• _What is expected_:
Transcribe each of the records below exactly, excluding all pictures.

-------- Recorded data

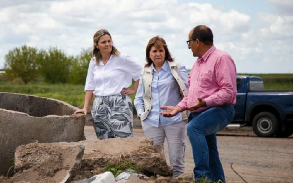 La ministra de Seguridad, Patricia Bullrich, visitó este sábado áreas rurales de la provincia de Buenos Aires afectadas por las inundaciones y supervisó operativos de asistencia junto a autoridades locales, productores y fuerzas federales.
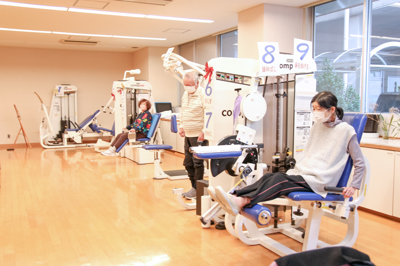 ①バイタルチェック②準備体操③マシントレーニング(途中、水分補給あり)④整理体操⑤バイタルチェックの順番で1日のプログラムが進行します(その他、体力測定などもあります)。
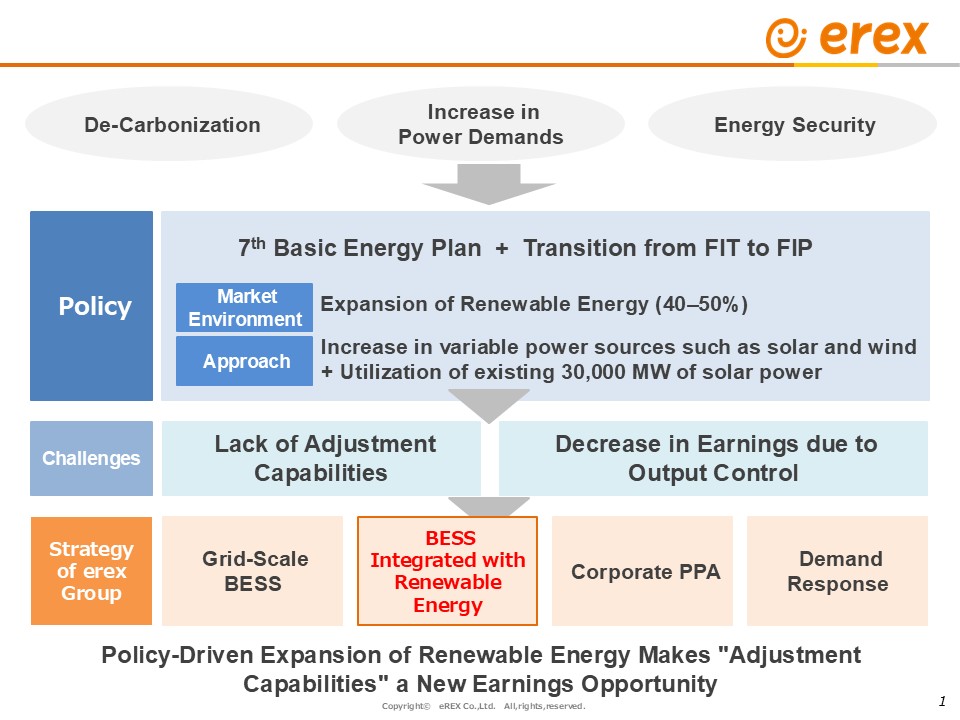 erex Co., Ltd. (Headquarters: Chuo-Ward, Tokyo, Representative Director & President: Hitoshi Honna; hereinafter referred to as “the Company”) positions its aggregation business, which combines diverse distributed power resources and provides them as supply/demand adjustment capabilities and market value, as a growth area, as announced in its mid-term business plan published on February 26, 2026. The Company is expanding this business by combining grid-scale BESS, BESS integrated with renewable energy, corporate PPA, demand response, etc. In this release, the Company outlines the role and growth opportunities of BESS integrated with renewable energy in particular.
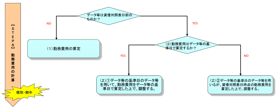 ここで、勤務費用も退職給付債務と同様に、データ等を貸借対照表日のものを用いているか否かで、勤務費用の算定過程が異なる。そのため、データ等が貸借対照表日現在のものの場合は、(1)を検討し、貸借対照表日前の場合は、(2)を検討する。
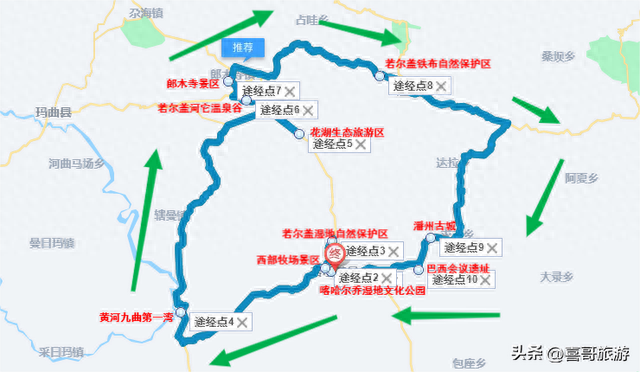 2、推荐若尔盖县景点自驾游行程路线:若尔盖县-喀哈尔乔湿地文化公园-西部牧场景区-若尔盖湿地自然保护区-黄河九曲第一湾-若尔盖花湖生态旅游区-若尔盖河它温泉谷-郎木寺景区-若尔盖铁布自然保护区-潘州古城-巴西会议遗址-若尔盖县
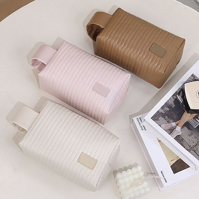 Cosmetiquera Cumbal Cosmetiquera Cumbal Cierre en zipper con correa en lomo para sujetar. Etiqueta al frente para personalizar. Colores: Beige, Café, Celeste, Rosa y Verde
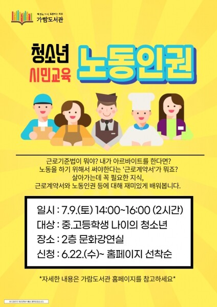 [뉴스써치] 파주시 가람도서관은 오는 7월 9일 가람도서관 문화강연실에서 ‘아는 만큼 도움 되는 청소년 노동인권’을 주제로 청소년 시민교육을 운영한다고 밝혔다.
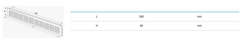 Preču zīmols - Haushalt. Materiāls - Alumīnijs. Krāsa - Pelēka. Augstums - 80 mm. Platums - 500 mm. Regulējamas - Nē. Papildu informācija - Gaisa caurlaidība - 0.0120 m². Izgatavotas no anodēta alumīnija.
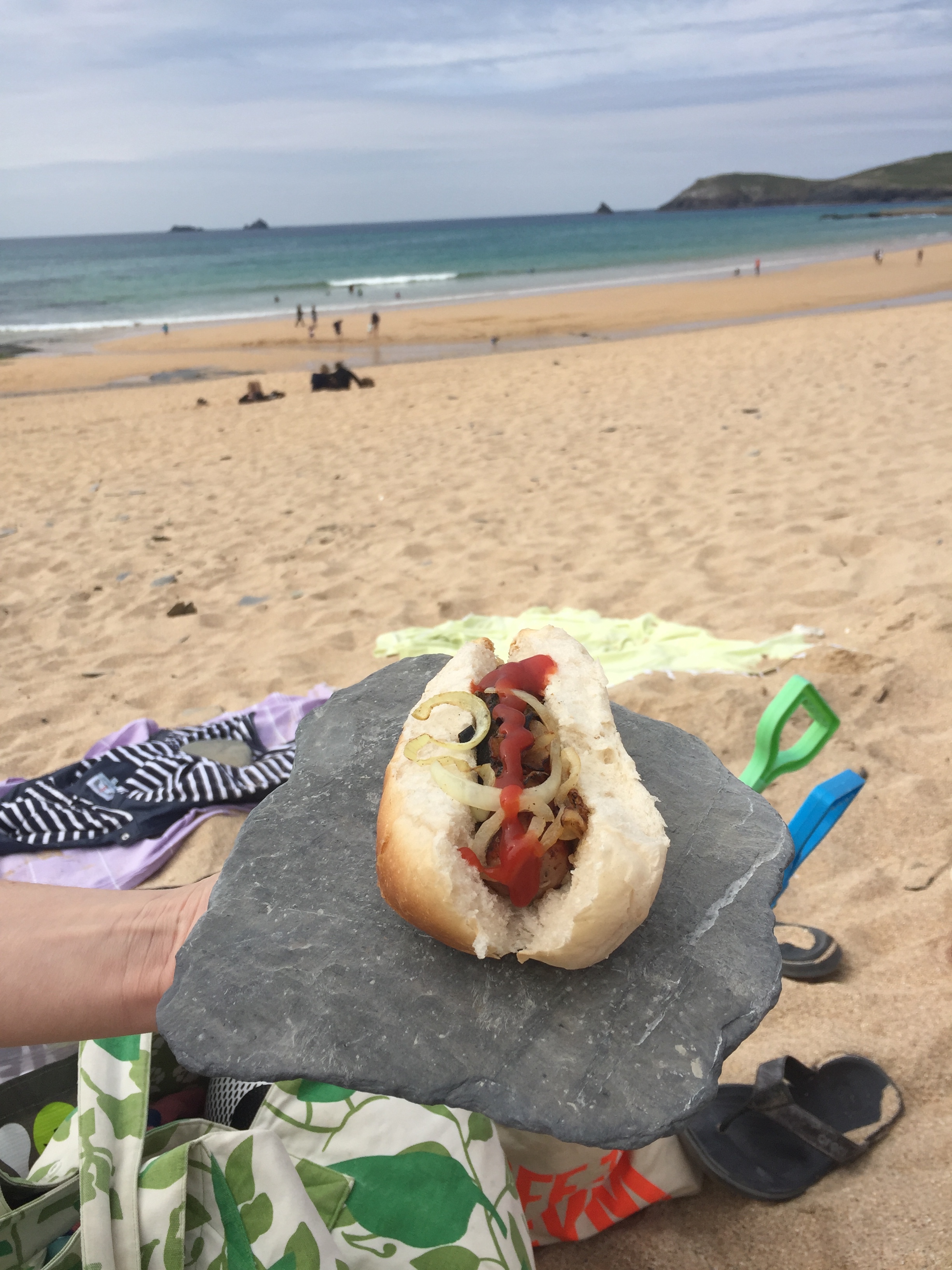 The perfect natural slate plate for the perfect hot dog: Barbie on Constantine Bay.
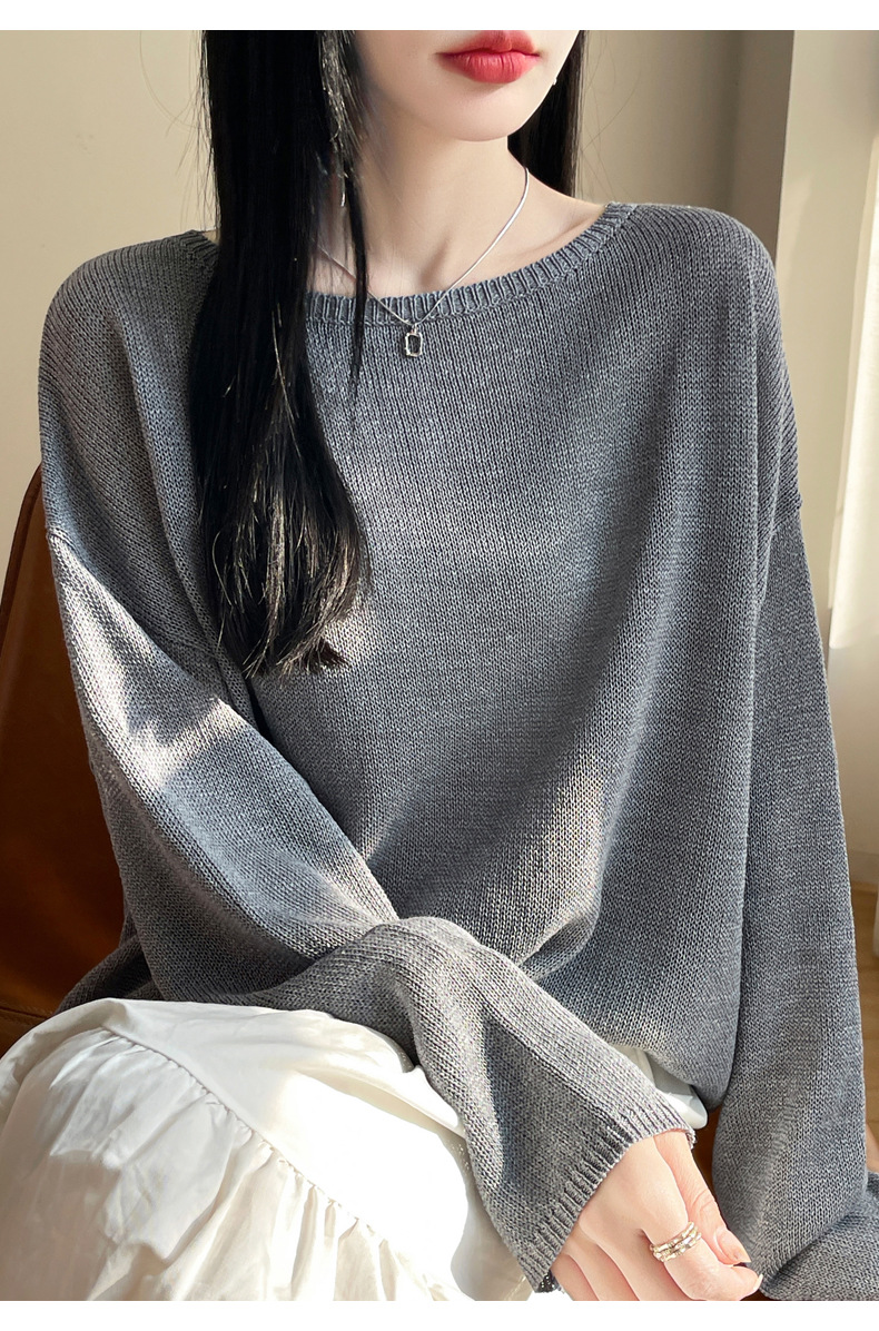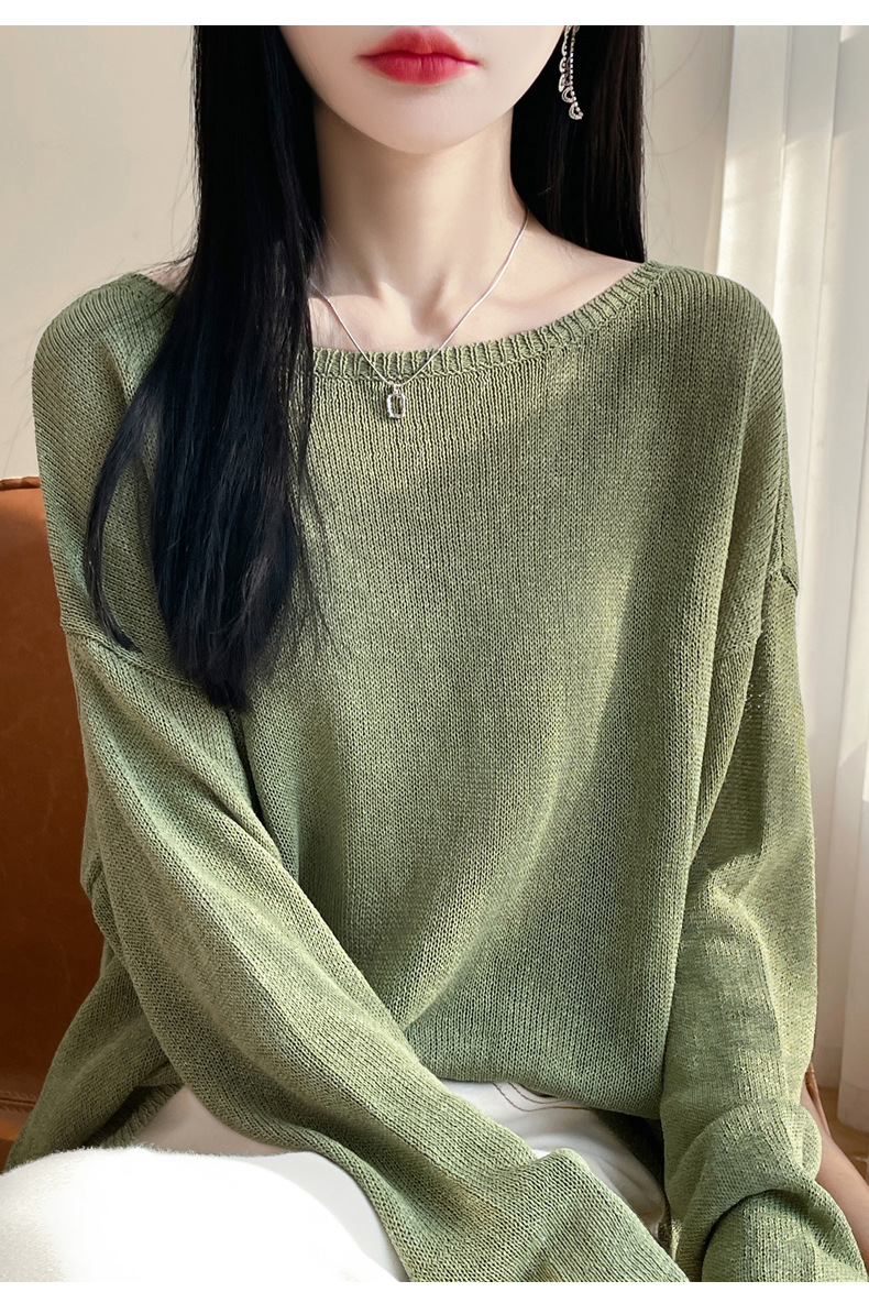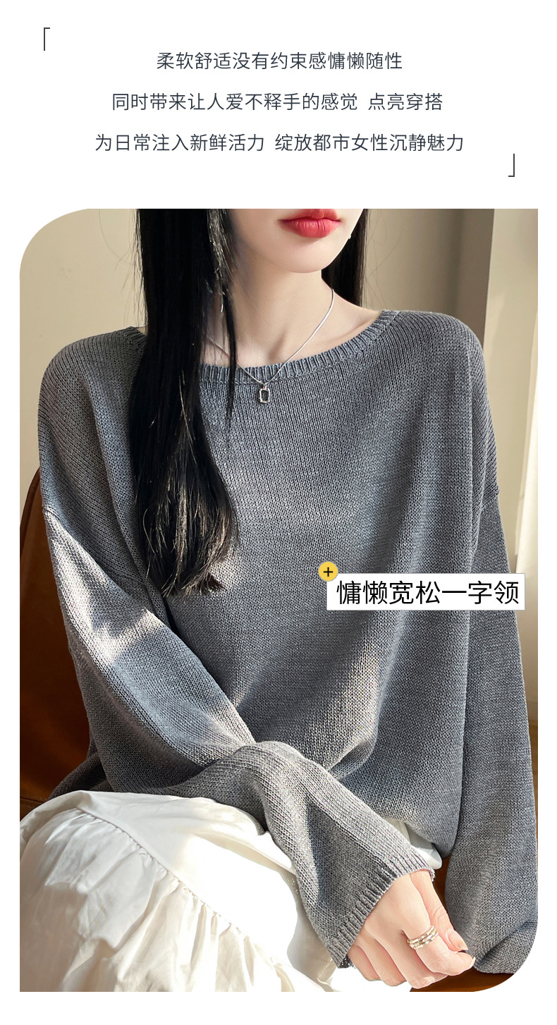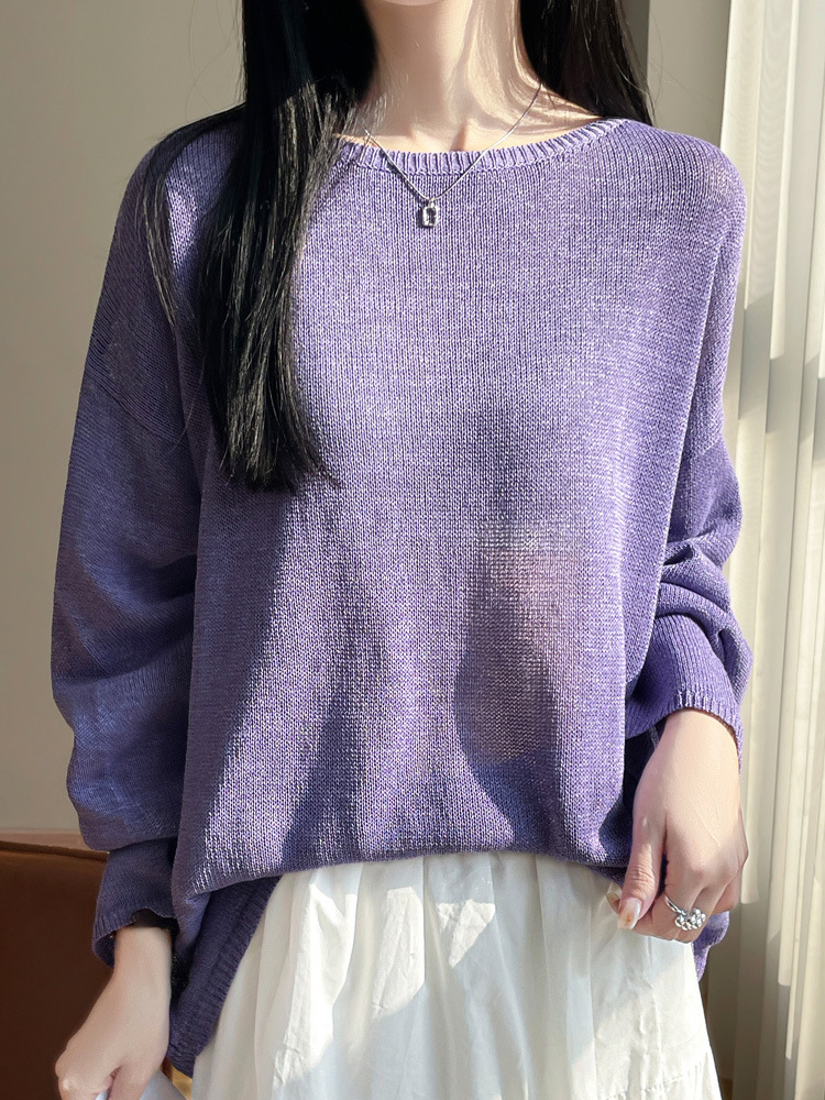 한국 스타일 게으른 스타일 원칼라 니트 블라우스 여성 여름 느슨한 플러스 사이즈 및 종이 원사 알몸 긴팔 에어컨 셔츠스토어 가기

----------------

• _Solution for this exercise_:
 La ministra de Seguridad, Patricia Bullrich, visitó este sábado áreas rurales de la provincia de Buenos Aires afectadas por las inundaciones y supervisó operativos de asistencia junto a autoridades locales, productores y fuerzas federales.
 ①バイタルチェック②準備体操③マシントレーニング(途中、水分補給あり)④整理体操⑤バイタルチェックの順番で1日のプログラムが進行します(その他、体力測定などもあります)。
 erex Co., Ltd. (Headquarters: Chuo-Ward, Tokyo, Representative Director & President: Hitoshi Honna; hereinafter referred to as “the Company”) positions its aggregation business, which combines diverse distributed power resources and provides them as supply/demand adjustment capabilities and market value, as a growth area, as announced in its mid-term business plan published on February 26, 2026. The Company is expanding this business by combining grid-scale BESS, BESS integrated with renewable energy, corporate PPA, demand response, etc. In this release, the Company outlines the role and growth opportunities of BESS integrated with renewable energy in particular.
 ここで、勤務費用も退職給付債務と同様に、データ等を貸借対照表日のものを用いているか否かで、勤務費用の算定過程が異なる。そのため、データ等が貸借対照表日現在のものの場合は、(1)を検討し、貸借対照表日前の場合は、(2)を検討する。
 2、推荐若尔盖县景点自驾游行程路线:若尔盖县-喀哈尔乔湿地文化公园-西部牧场景区-若尔盖湿地自然保护区-黄河九曲第一湾-若尔盖花湖生态旅游区-若尔盖河它温泉谷-郎木寺景区-若尔盖铁布自然保护区-潘州古城-巴西会议遗址-若尔盖县
 Cosmetiquera Cumbal Cosmetiquera Cumbal Cierre en zipper con correa en lomo para sujetar. Etiqueta al frente para personalizar. Colores: Beige, Café, Celeste, Rosa y Verde
 [뉴스써치] 파주시 가람도서관은 오는 7월 9일 가람도서관 문화강연실에서 ‘아는 만큼 도움 되는 청소년 노동인권’을 주제로 청소년 시민교육을 운영한다고 밝혔다.
 Preču zīmols - Haushalt. Materiāls - Alumīnijs. Krāsa - Pelēka. Augstums - 80 mm. Platums - 500 mm. Regulējamas - Nē. Papildu informācija - Gaisa caurlaidība - 0.0120 m². Izgatavotas no anodēta alumīnija.
 The perfect natural slate plate for the perfect hot dog: Barbie on Constantine Bay.
 한국 스타일 게으른 스타일 원칼라 니트 블라우스 여성 여름 느슨한 플러스 사이즈 및 종이 원사 알몸 긴팔 에어컨 셔츠스토어 가기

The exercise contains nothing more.